What is required: Beginning with the opening line of the entries, return every line through the one containing "Start by adding", both included, and nothing else. Omit pictures.

Collected data entries:
::::::::
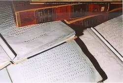 Состав фонда включает также старейшие издания первых типографий, печатающих рельефно-точечным шрифтом (типография Ю.Штауфа, типография Института слепых в Санкт-Петербурге), первые книги для слепых, созданные вручную, первые учебные пособия для обучения слепых в школах.
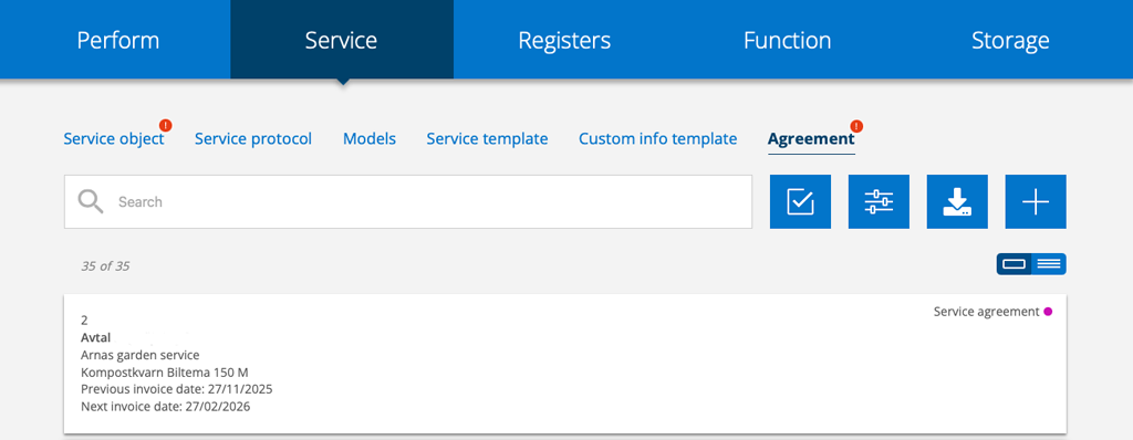 Start by adding your contract variants as articles in the Article Register. All orders, service protocols, service objects and models linked to the contract are then listed under that article. Here are some examples of how our customers name their contract articles: Quarterly Service Agreement, Apartment Rental Agreement, Standard Agreement, L-1020, A-01…
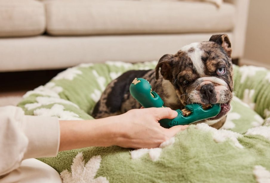 The Woof Bite n’ Brush keeps your dog entertained while taking care of their oral health. Its easy-to-use design lets your dog brush while chewing.
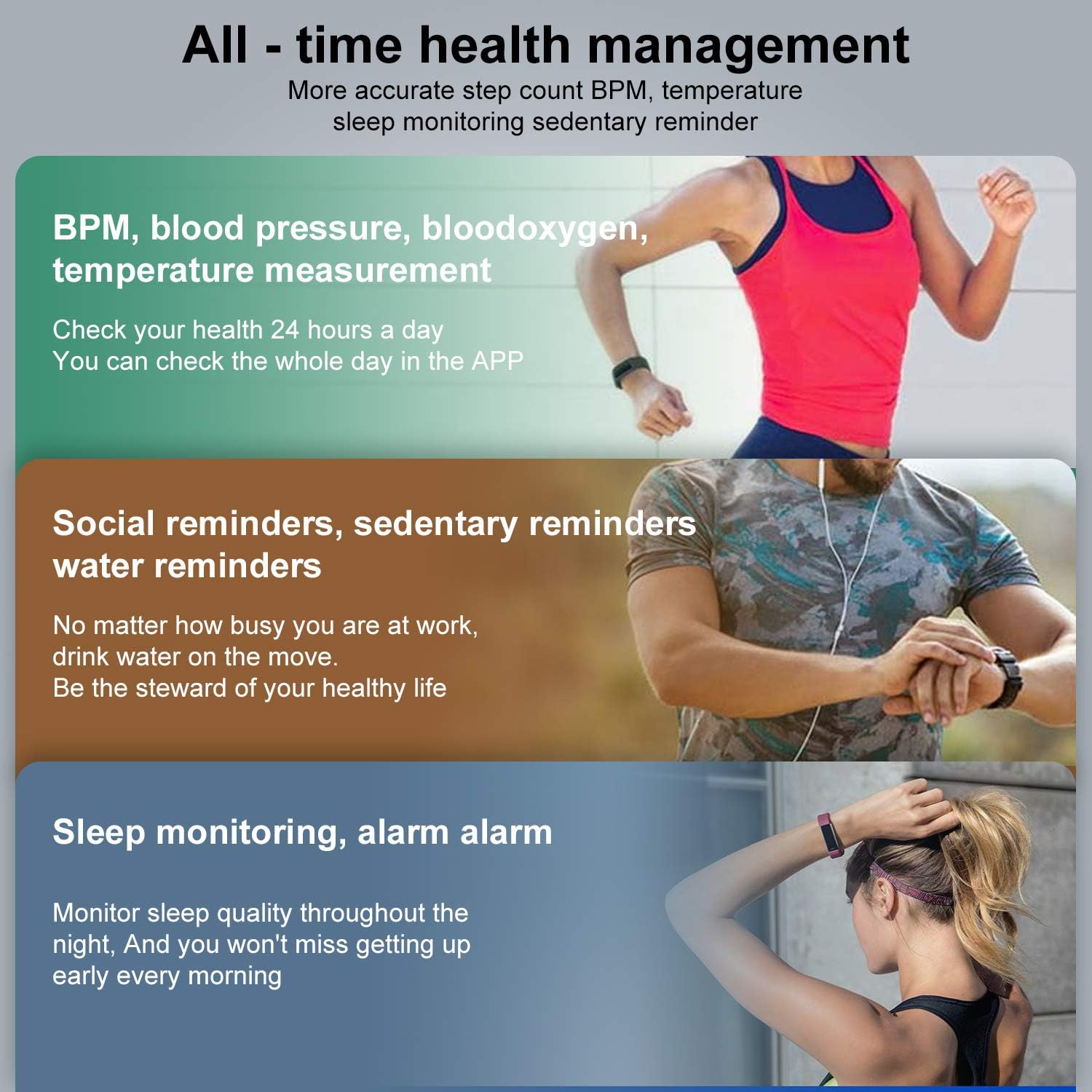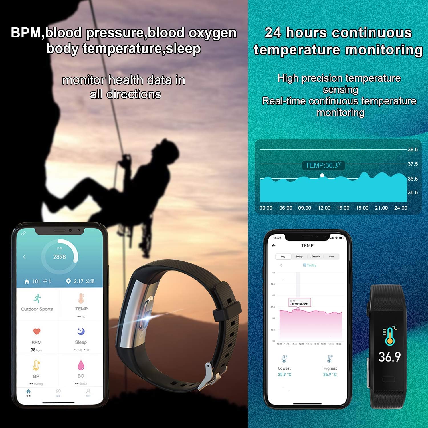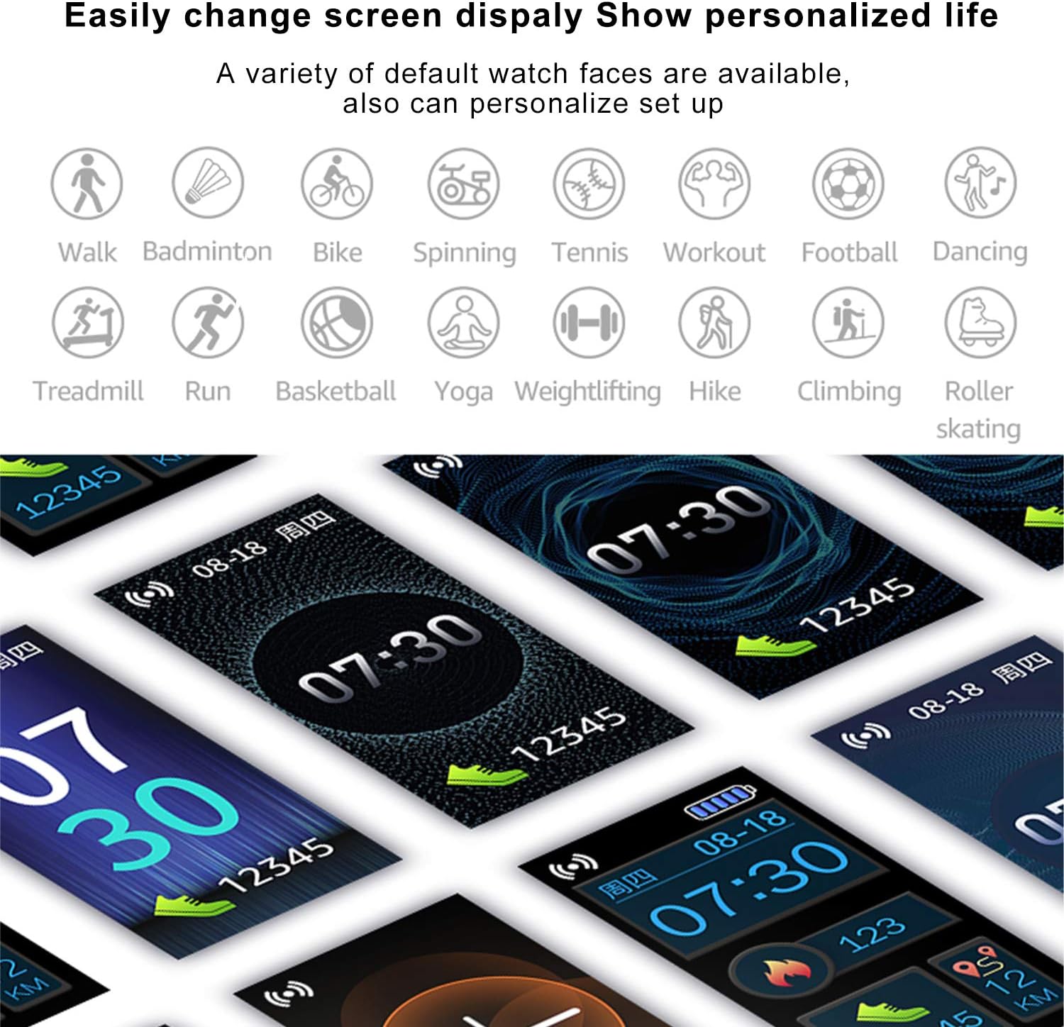 - 【Multifunción y Notificación Mensaje】Monitor de ritmo cardíaco, contador de pasos, cronómetro, recordatorio, contador de calorías, monitor de sueño, y soportar múltiples modos de deportes: caminar, correr, hiking, andar en bicicleta. Cuando reciba llamadas o mensajes, se vibrará para recordarle. Por favor, lea el manual para disfrutar de más funciones.
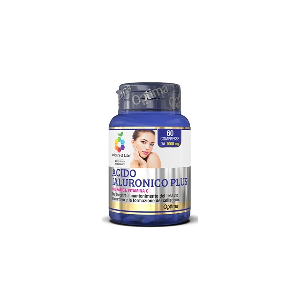 Integratore alimentare a base di Acido Ialuronico, con Rame e Vitamina C. Per favorire il mantenimento del tessuto connettivo e la formazione del collagene.
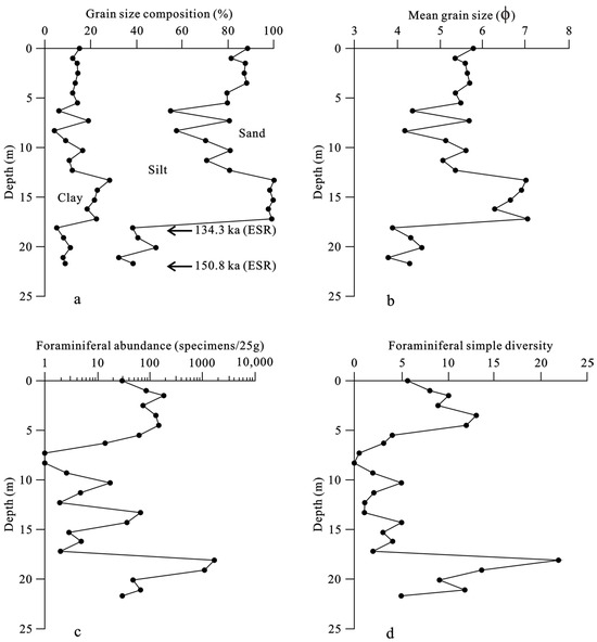 Vertical distributions of several parameters of grain size and foraminifera from core NTCJ1 sediments (modified after reference [13]); (a) vertical distribution of grain size composition of core NTCJ1; (b) vertical distribution of average grain diameter of core NTCJ1; (c) vertical distribution of foraminifera abundance of core NTCJ1; (d) vertical distribution of foraminifera simple diversity of core NTCJ1; two ESR dates from the lower part of core NTCJ1 were plotted in Figure 2a.
::::::::
Result of the exercise:
 Состав фонда включает также старейшие издания первых типографий, печатающих рельефно-точечным шрифтом (типография Ю.Штауфа, типография Института слепых в Санкт-Петербурге), первые книги для слепых, созданные вручную, первые учебные пособия для обучения слепых в школах.
 Start by adding your contract variants as articles in the Article Register. All orders, service protocols, service objects and models linked to the contract are then listed under that article. Here are some examples of how our customers name their contract articles: Quarterly Service Agreement, Apartment Rental Agreement, Standard Agreement, L-1020, A-01…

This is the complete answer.